Cusini, Alexia*,†; Ledergerber, Bruno*; Widmer, Nicolas; Günthard, Huldrych F.*

JAIDS Journal of Acquired Immune Deficiency Syndromes: October 1st, 2013 - Volume 64 - Issue 2 - p e14–e15
doi: 10.1097/QAI.0b013e3182a82281
Letters to the Editor

*Division of Infectious Diseases and Hospital Epidemiology, University Hospital Zurich, University of Zurich, Zurich, Switzerland

Department of Infectious Diseases, University Hospital Bern, Bern, Switzerland

Division of Clinical Pharmacology, University Hospital Centre and University of Lausanne, Lausanne, Switzerland.

Supported in the framework of the Swiss HIV Cohort Study, by the Swiss National Science Foundation Grants 33CS30-134277 and 3247B0-114006.

A. C. has received travel grant and meeting expenses from Abbott, Merck Sharp & Dohme, Bristol Myers Squibb and Gilead. B. L. has been a board member of Janssen Cilag and was paid for consultancy by Gilead. H. F. G. received grants from the Swiss National Science Foundation and has been active as adviser and/or consultant for the following companies: GlaxoSmithKline, ViiV Healthcare, Abbott, Novartis, Boehringer Ingelheim, Roche, Tibotec, and Bristol-Myers Squibb. H. F. G. has received unrestricted research and educational grants from Roche, Abbott, Bristol-Myers Squibb, GlaxoSmithKline, Tibotec, and Merck Sharp & Dohme (all money to H. F. G. went to institution). N. W. has no conflicts of interest to disclose.

To the Editors:

We thank Calcagno et al1 for their thoughtful comments about our article addressing the effectiveness of antiretroviral treatment in suppressing HIV-1 in cerebrospinal fluid (CSF).2 We particularly thank them for pointing out the wrong central nervous system penetration effectiveness (CPE) score of patient 1 in Table 4 that should be 1/7 not 1/6 and that in Table 5, where the median CPE rank 2010 of the treatment regimens with a detectable viral load in CSF should be 6 with a range of 6–7 not with a range of 6–8.

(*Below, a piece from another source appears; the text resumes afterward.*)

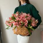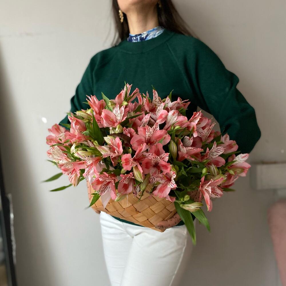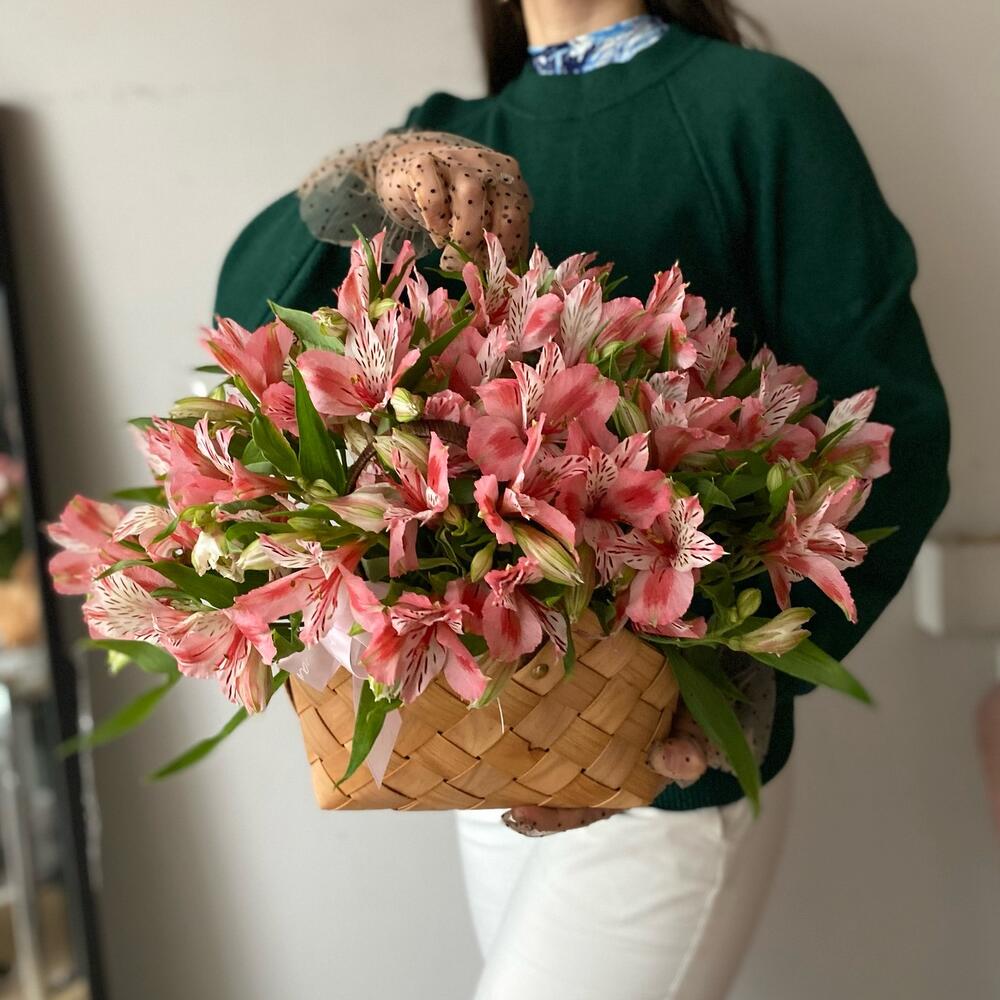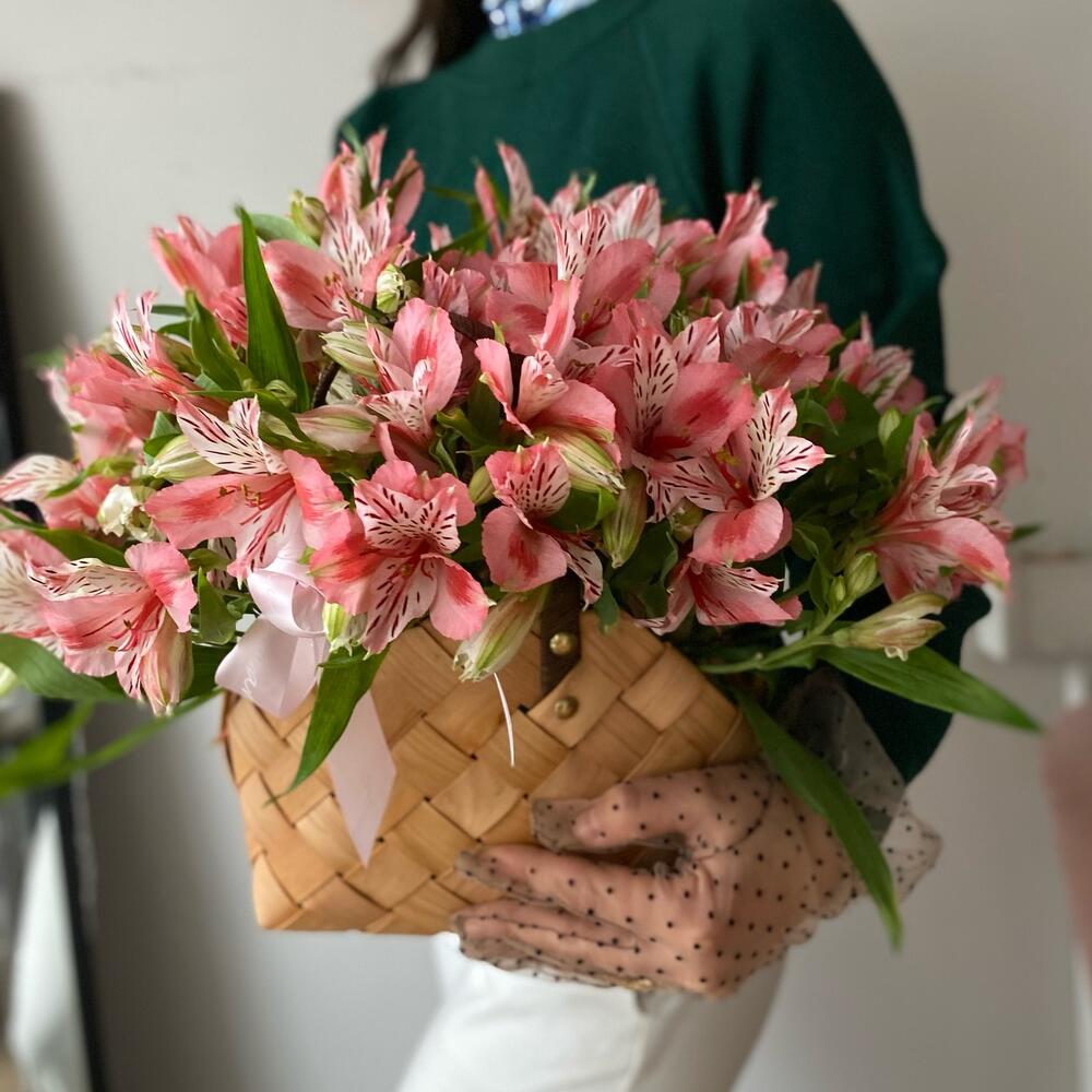 Лента атласная - 1 шт. Оазис флористический - 1 шт. сумка плетеная - 1 шт. альстромерии - 9 шт.

The repeated statistical analysis with the corrected score of 7 in patient 1 yields a new odds ratio of 0.37 per unit higher (95% confidence interval: 0.22 to 0.61) instead of 0.38 (95% confidence interval: 0.17 to 0.87) and a P value of 0.032 instead of 0.022 maintaining significance (last line of Table 5). Therefore, we confirm our statement that in our series analyzing 87 CSF, the patients taking a treatment regimen with a higher CPE rank had a better suppression of HIV-1 in CSF.

In the absence of formal pharmacokinetic (PK) data on drug elimination in CSF, the extrapolation of the trough levels (Cmin) were based on mean terminal t1/2 in plasma which represented the only surrogate available under the assumption of an instantaneous equilibrium between plasma and CSF. The plasma elimination t1/2 considered were all established in population pharmacokinetic models developed on the basis of a systematic review of published literature.3 The reported values are thus to be considered as an order of magnitude, rather than as precise values, and we advocate for further evaluation of the PK behavior of antiretroviral therapy in CSF.

We agree that the increased low-level viral loads may potentially be attributed to viral blips in CSF and not necessarily to virological failure because no detectable viral loads could be confirmed in a second lumbar puncture. We finally fully support the statement of Calcango et al that incomplete control of viral replication in CSF warrants further evaluation in longitudinal studies.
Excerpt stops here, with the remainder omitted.